Top Ten Customer by % of Total Revenue (EPR Properties)
While landlords usually don't need to worry about tenants' revenue as long as they pay the rent, concentration issues can be problematic. In the case of EPR, having two major customers in financial distress changes the picture.
AMC Entertainment (AMC) and Regal make up about 27% of EPR's total rent.
There are rumours that AMC could file for bankruptcy. AMC has previously avoided bankruptcy with the help of meme investors. A gamma squeeze occurred when short sellers were forced to buy AMC stock because its price had soared after the cash infusion. AMC saw an opportunity to avoid bankruptcy by raising funds through the issuance of stock. The business had financially improved. However, with the headwind in the sector, there are fresh rumours of impending bankruptcy in 2023.
This one isn’t a rumour but confirmed, poor performance over the past two years has resulted in Regal filing for protection under Chapter 11 in September 2022. This caused the stock price to fall by almost 20% as investors panicked. Regal's parent company, Cineworld, is in the middle of bankruptcy proceedings. So far, the situation has unfolded favourably. Regal has paid all of its rent to EPR through at least February, and although some of the leases were under renegotiation, Regal has decided not to move forward for now.
However, some big unanswered questions remain. Cineworld has said that it has been in talks with its key stakeholders -- mainly creditors and landlords -- to develop a reorganization plan.
The good news is that lease obligations are high in the capital structure, meaning that Regal will have to keep paying its rent at locations it plans to keep open. So far, that is all of its EPR-owned properties. But leases could end up being modified, or theatres could end up closing. The theatre operator recently announced an agreement to restructure its debt, but as of mid-February, Cineworld had already amended 150 Regal leases and was actively negotiating with other large landlords.
In addition, Regal still owes EPR $87.3 million from pandemic-era rent deferrals, and the future of this is uncertain. Plus, box office revenue, in general, isn't strong right now -- 2022 box office revenue was 35% below comparable pre-pandemic levels, and it had been on a steady decline for years at that point.
EPR has said for a while that it aims to gradually reduce its exposure to theatre properties and add to its portfolios of other types of experiential real estate. But this isn't exactly the best environment in which to attempt to sell theatre real estate.
EPR's valuation looks extremely attractive, it has a very high dividend yield that is well-covered by its cash flow. Also, EPR's management team has done a good job of navigating the pandemic and recovering the revenue lost due to the pandemic.

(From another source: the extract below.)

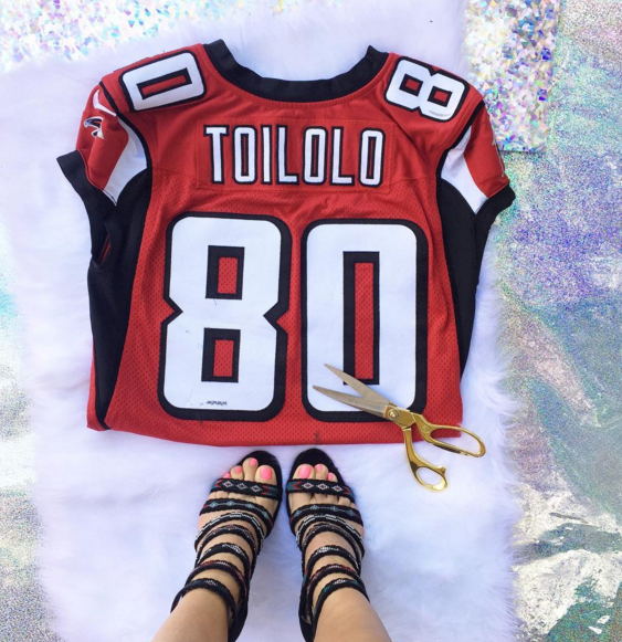 It's not everyday that you get a chance to cut up a real NFL jersey. Which is why I simply adored working with La Gartier bride Stephanie Ming last month! Stephanie married Levine Toilolo, who...if you love the Atlanta Falcons, is a name you are familiar with already.

Furthermore, while borrowing money at favourable terms has become less of an option, EPR is generating about $150 million in cash flow annually, on top of its dividend, so it can fund some growth without any further capital raising. Most REITs don't have that luxury, at least not to this extent.
Obviously, the outcome of the Regal bankruptcy proceedings is at the top of the list as far as near-term issues are concerned. I will also be keeping a close eye on theatrical releases versus streaming, and other movie theatre industry trends as well as how AMC's situation unfolds.
While they're impossible to predict, I will also be watching interest rates. As I’ve said, EPR's business is affected by it in several ways. And I will be paying close attention to the commercial real estate market in general.
Although EPR possesses attractive characteristics, there is a great deal of uncertainty surrounding its future and risk, which leads me to rate EPR stock as a hold until further updates develop.